Entrevista:O Estado inteligente

quinta-feira, novembro 06, 2008

O governo banqueiro Rolf Kuntz*

Crise econômica? Falta de liquidez no mercado financeiro? E quem se importa com isso? Com a fusão do Banco Itaú e do Unibanco, fica mais evidente o objetivo principal do governo quando lançou a Medida Provisória (MP) 443: facilitar a expansão do Banco do Brasil (BB) e da Caixa Econômica Federal (CEF). Injetar capital para reativar o crédito foi pouco mais que um pretexto de ocasião. A tarefa de movimentar o mercado vem sendo cumprida, de fato, pelos meios tradicionais: a ação do Banco Central (BC), em várias frentes, e a extensão do Programa de Financiamento de Exportações (Proex) a maior número de empresas.

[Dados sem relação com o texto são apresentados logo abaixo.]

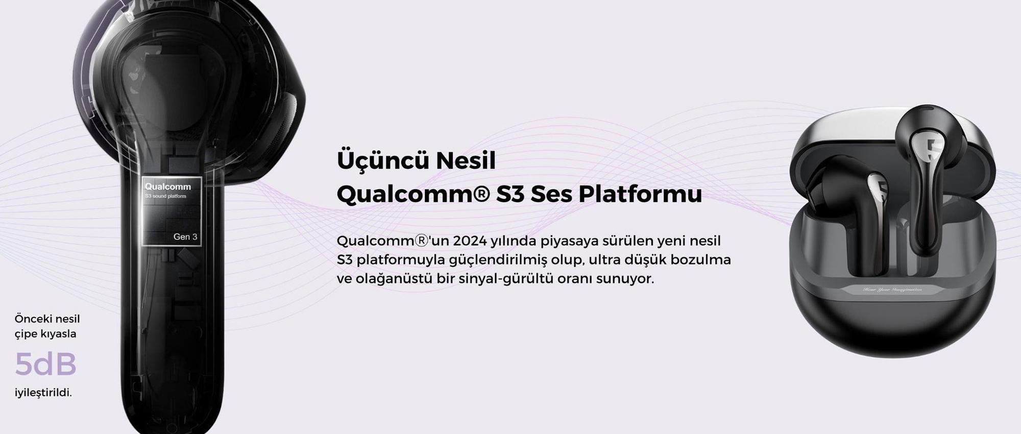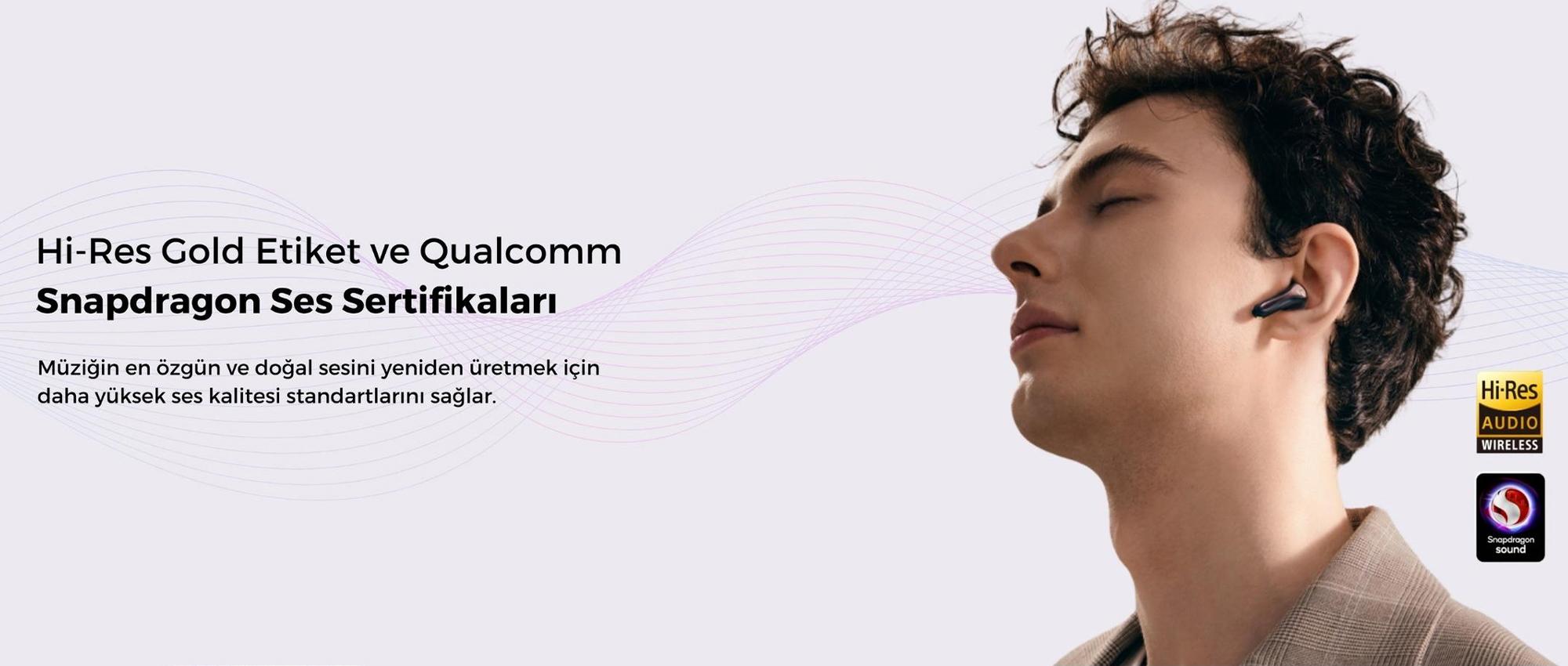 Qualcomm QCC3091 chipseti ve aptX Adaptive Lossless codec desteği ile yüksek çözünürlüklü (Hi-Res) ses kalitesi sağlar.

O debate sobre um prazo de validade para a MP 443, no Congresso, tornou o jogo ainda mais claro. Segundo o líder do PT na Câmara, deputado Maurício Rands (PE), só tem sentido falar em prazo se o objetivo for o combate à crise, por meio do socorro aos bancos menores. Mas, se a intenção do governo for igualar as condições do BB e da CEF às do setor privado - "tratamento isonômico", nas suas palavras -, então não deve haver limitação.

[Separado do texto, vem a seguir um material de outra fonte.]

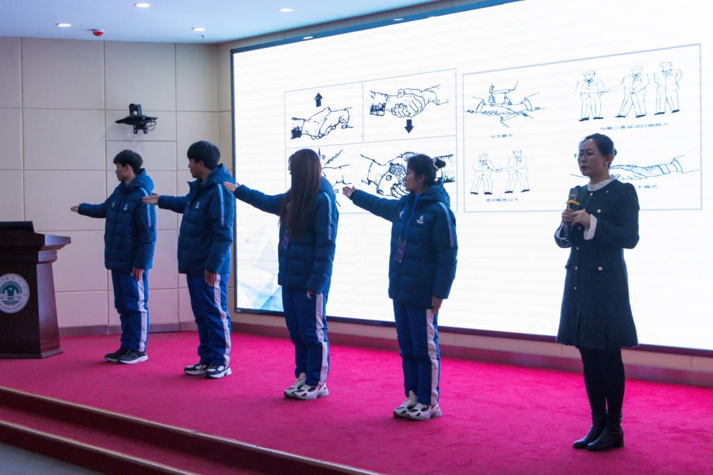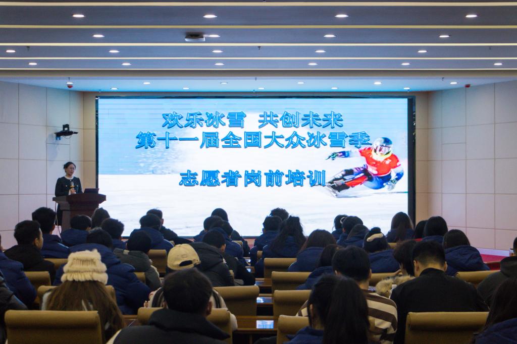 培训会上,旅游地理与历史文化学院教师艾凤巍针对志愿者仪容礼仪、服务礼仪等形体方面,开展题为“欢乐冰雪 共创未来”的第十一届全国大众冰雪季启动仪式志愿者岗前培训。

Ao indicar as duas possibilidades, o deputado Maurício Rands manteve uma dúvida no ar, como se a intenção do governo não fosse clara. Ele não mencionou, por exemplo, a exposição de motivos assinada pelo ministro da Fazenda, Guido Mantega, por seu colega do Planejamento, Paulo Bernardo, e pelo presidente do Banco Central, Henrique Meirelles.

Nessa exposição, o objetivo central da MP é declarado logo no início. Diante da crise, segundo os autores do texto, o governo adotou medidas para ampliar a oferta de dólares, expandir a liquidez no mercado interbancário e incentivar a compra de carteiras de instituições pequenas e médias. Não há uma palavra sobre a insuficiência dessas medidas. Mas, no mesmo parágrafo, há uma extensa referência ao assunto principal: "Embora os reflexos da crise no Brasil sejam relativamente limitados em razão da solidez macroeconômica do País e da solidez do sistema financeiro nacional, a contração da liquidez pode estimular um movimento de consolidação financeira no País." Ah, bom, então é isso. O sistema é forte, mas pode se tornar mais concentrado. E daí? Pelas normas em vigor, o BB e a CEF têm restrições para entrar nesse jogo. Isso tem "duas conseqüências indesejáveis: uma menor concorrência entre os potenciais investidores, reduzindo o valor dos ativos negociados, e a eventual perda de oportunidade de expansão das instituições financeiras federais". O importante, obviamente, é a conseqüência número dois. O resto é conversa, como se explica, sem nenhum disfarce, no penúltimo parágrafo do texto: "A relevância e a urgência da medida - que, como já colocado, tem como objetivo igualar as condições de concorrência dos bancos públicos com instituições privadas, nacionais e internacionais, num eventual processo de consolidação do sistema financeiro brasileiro - resultam da própria dinâmica da crise internacional, que abre uma oportunidade para que os bancos públicos se fortaleçam ao mesmo tempo que contribuem para minimizar o impacto das turbulências sobre o sistema financeiro doméstico." Para reduzir as turbulências o BB precisará comprar a Nossa Caixa? E a CEF precisará criar uma subsidiária e entrar no ramo da construção?

A intenção do governo paulista de vender a Nossa Caixa e o desejo do governo federal de comprá-la por meio do BB não têm nenhuma relação com a crise nem com a possível conveniência de se injetar capital em bancos pequenos e médios. Importante, mesmo, para as autoridades federais, é a "oportunidade" mencionada no fim da justificativa.

Curiosamente, a MP 443 foi publicada no Diário Oficial da União de 22 de outubro, na primeira página, sem a exposição de motivos. Não estaria pronta? O governo não teria interesse, naquele momento, em chamar a atenção para seu propósito real? De toda forma, não há mais dúvida a respeito do assunto e os parlamentares deveriam levar em conta esses dados ao avaliar a MP 443.

Se aprovarem o texto e sem fixar prazo nem condições para as compras de ações pelos bancos federais, darão ao governo carta branca para qualquer política de expansão das instituições federais, seja qual for o propósito dessa expansão. Darão ao governo um brinquedo perigoso, tão perigoso quanto o Fundo Soberano - injustificável, neste momento, em vista das condições fiscais e cambiais -, já aprovado na Câmara e ainda sujeito a apreciação pelos senadores.